The ID of the Cloud Map namespace to use for the service.

vpc.cloudmapNamespaceName

Type Input<string>

The name of the Cloud Map namespace to use for the service.

vpc.id

Type Input<string>

The ID of the VPC.

vpc.loadBalancerSubnets

Type Input<Input<string>[]>

A list of subnet IDs in the VPC to place the load balancer in.

vpc.securityGroups

Type Input<Input<string>[]>

A list of VPC security group IDs for the service.

vpc.serviceSubnets

Type Input<Input<string>[]>

A list of private subnet IDs in the VPC to place the services in.

Properties

nodes

nodes.executionRole

Type undefined | Role

The Amazon ECS Execution Role.

nodes.taskRole

Type Role

The Amazon ECS Task Role.

nodes.autoScalingTarget

Type Target

The Amazon Application Auto Scaling target.

nodes.cloudmapService

Type Service

The Amazon Cloud Map service.

nodes.loadBalancer

Type LoadBalancer

The Amazon Elastic Load Balancer.

nodes.service

Type Service

The Amazon ECS Service.

nodes.taskDefinition

Type Output<TaskDefinition>

The Amazon ECS Task Definition.

service

Type Output<string>

The name of the Cloud Map service.

url

Type Output<string>

The URL of the service.

If public.domain is set, this is the URL with the custom domain.
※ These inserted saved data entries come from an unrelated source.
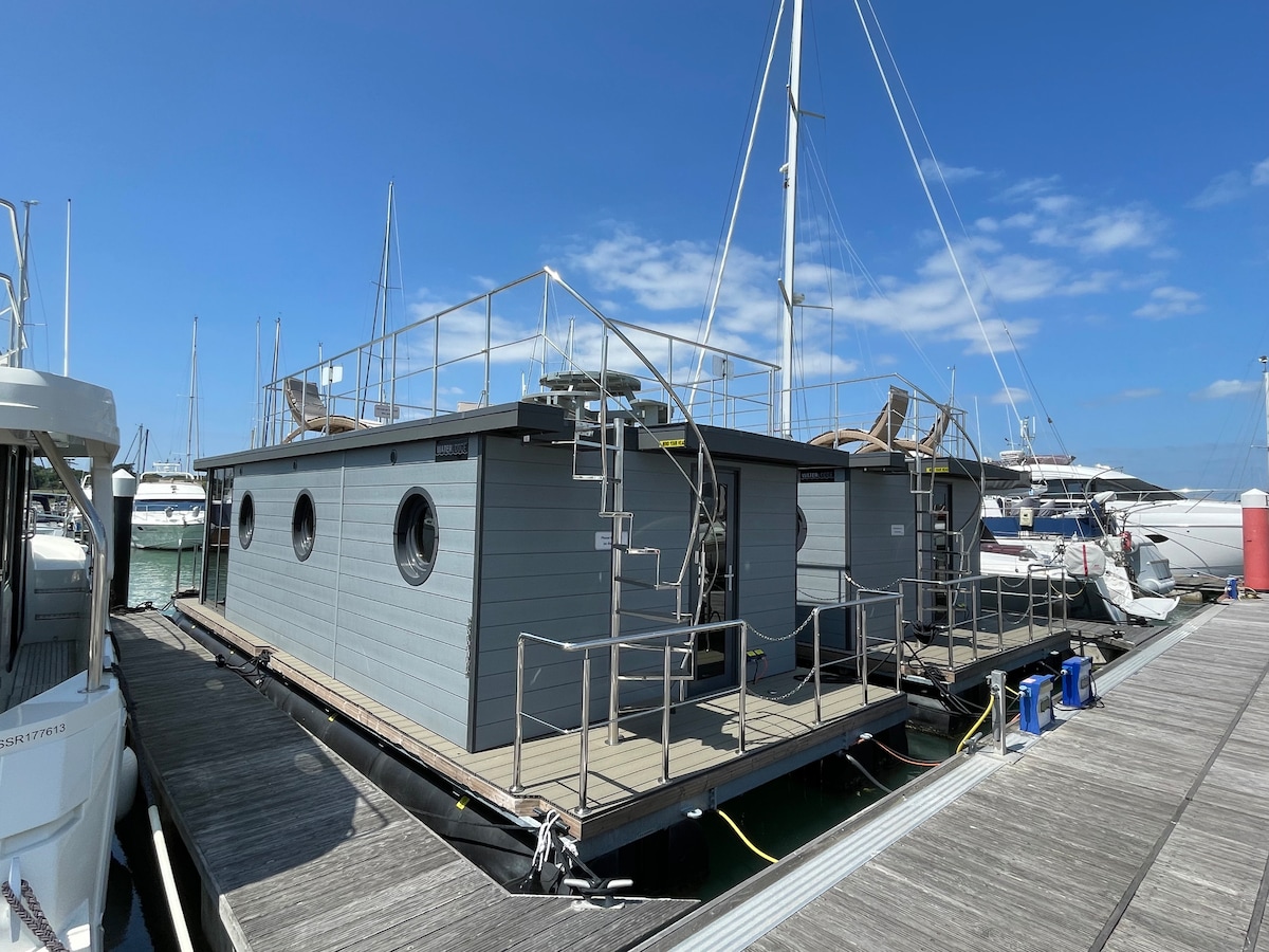 The Waterlodge di Yarmouth Harbour, menawarkan pengalaman liburan yang unik. Apartemen terapung dirancang untuk menyediakan tempat peristirahatan yang nyaman dan damai dengan akses mudah ke kota Yarmouth. Pondok ini modern dan bergaya, setiap apartemen memiliki area tamu yang nyaman dengan sofa, TV, dan meja makan, dapur lengkap dengan kompor, mesin cuci piring, dan kulkas. Juga balkon dengan tempat duduk luar ruangan, teras atap berperabot dengan pemandangan Solent.
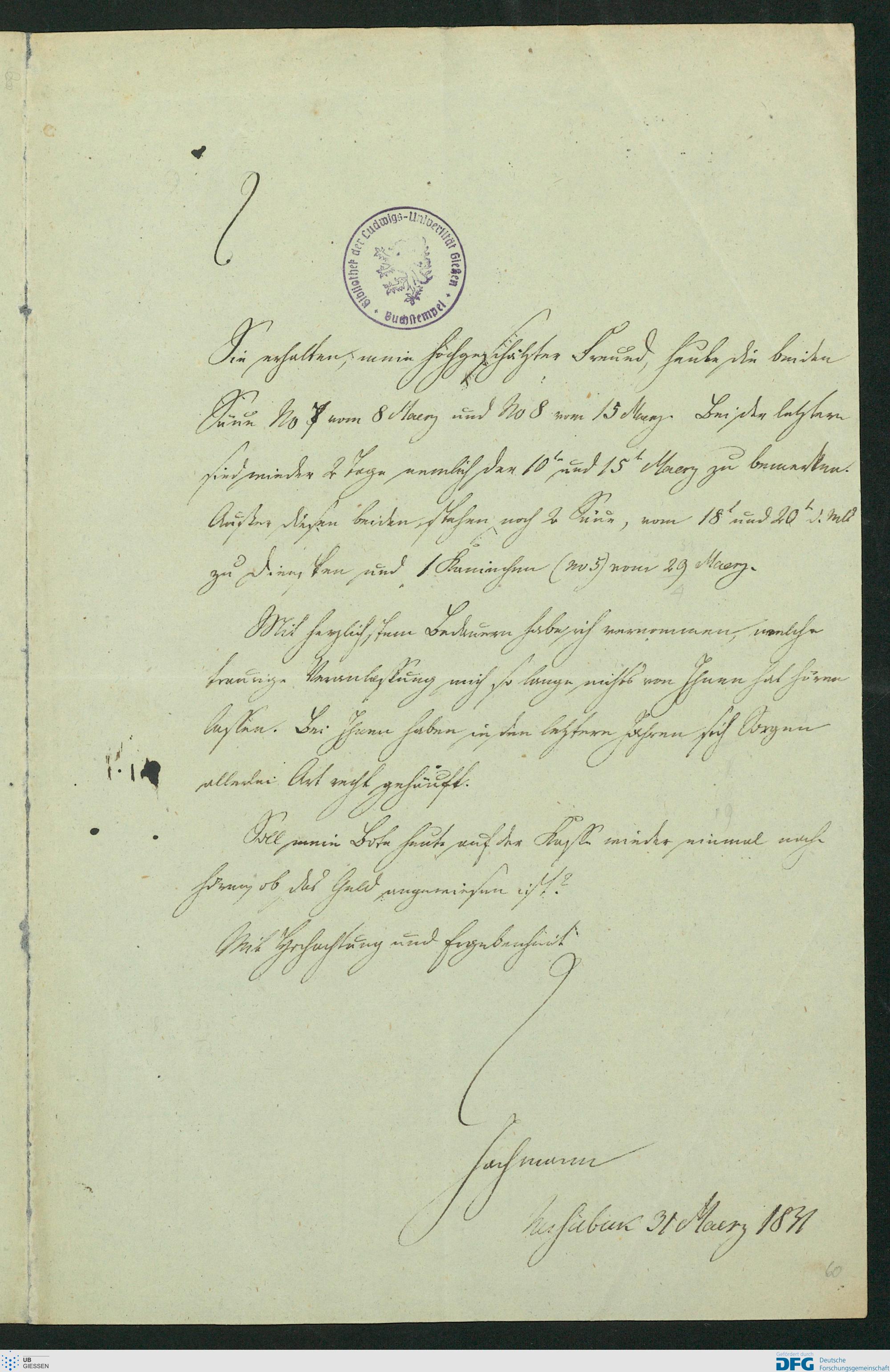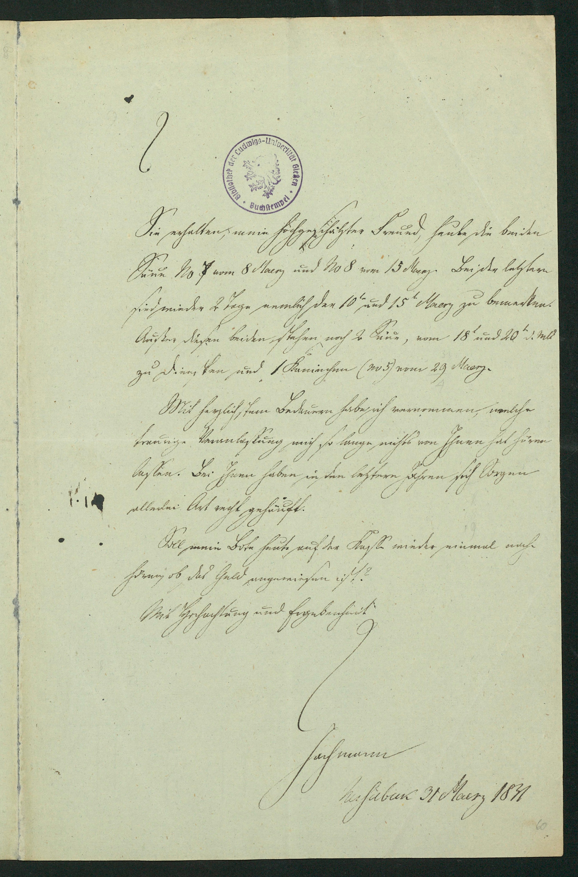 Brief von Moritz Julius Jachmann an Karl Ernst von Baer, 31.03.1831 [31 Maerz 1831]
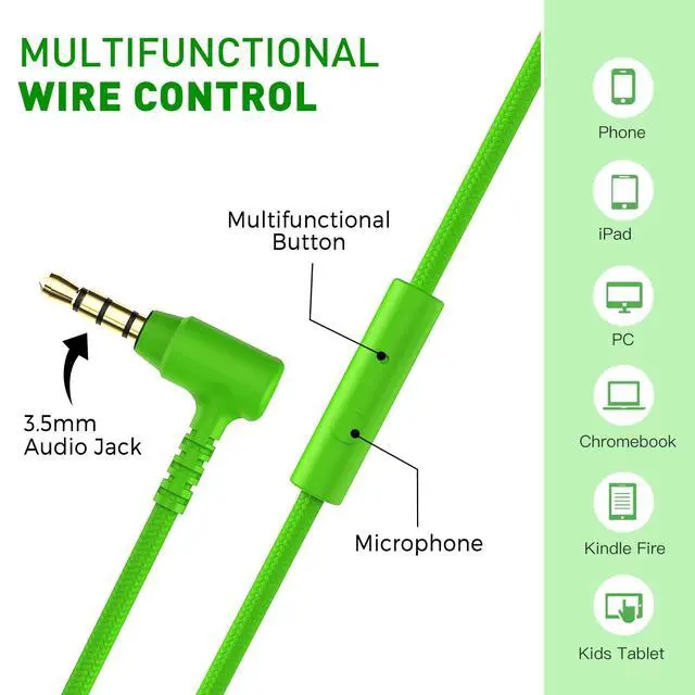 Durable & Adjustable >> These foldable headphones with a microphone feature a strong, elastic plastic shell and a no-tangle 4.9ft nylon woven cord for durability. They are suitable for kids and adults alike, making them an ideal choice for school, classroom, home, office, airport, airplane, and travel.
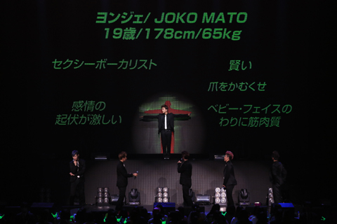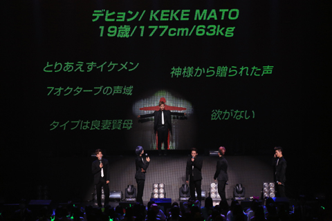 日本語についての話になると「(日本語は)6か月間ぐらい勉強しています。デヒョンさんと僕とヨンジェさんが日本語の担当です。ジョンアプさんとヨングクさんとゼロさんが英語を担当しています」と公演中も流暢な日本語でMCを務めていたヒムチャンが説明する場面も。 自分たちが世界から人気を集めている理由をどう思うか、という質問には、リーダーのヨングクが「僕たちがアピールできるのは、音楽的な部分だと思います。それと同時にステージのパフォーマンスです。他のK-POPアーティストとも違う、とてもタフで男っぽい面をたくさんお見せしているので、そういった点で差別化した魅力を感じていただけているんじゃないかと思います」と、コメントを寄せた。

Otherwise, it’s the autogenerated load balancer URL.

SDK

Use the SDK in your runtime to interact with your infrastructure.


This is accessible through the Resource object in the SDK.

  • service string

    The name of the Cloud Map service.

  • url undefined | string

    The URL of the service.

    If public.domain is set, this is the URL with the custom domain. Otherwise, it’s the autogenerated load balancer URL.